In an effort to parallelize the process I tried using concurrent.futures and map it to the resize function.

import concurrent.futures

SOURCE_DIRECTORY = "Source/"
directory_list = os.listdir(SOURCE_DIRECTORY)

with concurrent.futures.ProcessPoolExecutor() as executor: 
    executor.map(resize_image, directory_list)

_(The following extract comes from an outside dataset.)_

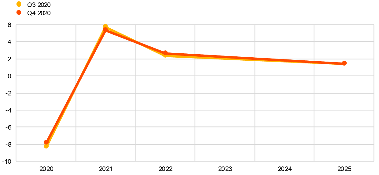 The average USD/EUR exchange rate was expected to appreciate very marginally, from around 1.18 in the fourth quarter of 2020 to 1.19 in 2021, and further to 1.20 in 2022. This is slightly higher (by about 4%) than in the previous round (see panel (b) of Chart 13).

But I instantly get this error.

BrokenProcessPool: A child process terminated abruptly, the process pool is not usable anymore

How can I parallelize the process of resizing the images. Any help would be appreciated.


Solution

  • Here is sample skeleton you can use to parallelize the task (using multiprocessing.Pool):

    import os
    from multiprocessing import Pool
    
    import cv2
    
    
    def resize_image(file_name):
        # get the name of the file
        name = os.path.basename(file_name)
    
        # just to be sure the file exists (skip if not necessary):
        if not os.path.exists(name):
            return f"{name} does not exist!"
    
        # read the image
        img = cv2.imread(img)
        # resize and save to new directory
        resize = cv2.resize(img, (700, 700))
        resized_image = cv2.imwrite("Resized/" + name, resize)
    
        return f"{name} resized."
    
    
    if __name__ == "__main__":
    
        SOURCE_DIRECTORY = "Source/"
        directory_list = os.listdir(SOURCE_DIRECTORY)
    
        filelist = []
        for source_file in directory_list:
            source_path = os.path.join(SOURCE_DIRECTORY, source_file)
            if os.path.isfile(source_path):
                filelist.append(source_path)
    
        with Pool(4) as pool:  # 4 is number of processes we want to use
            for result in pool.imap_unordered(resize_image, filelist):
                print(result)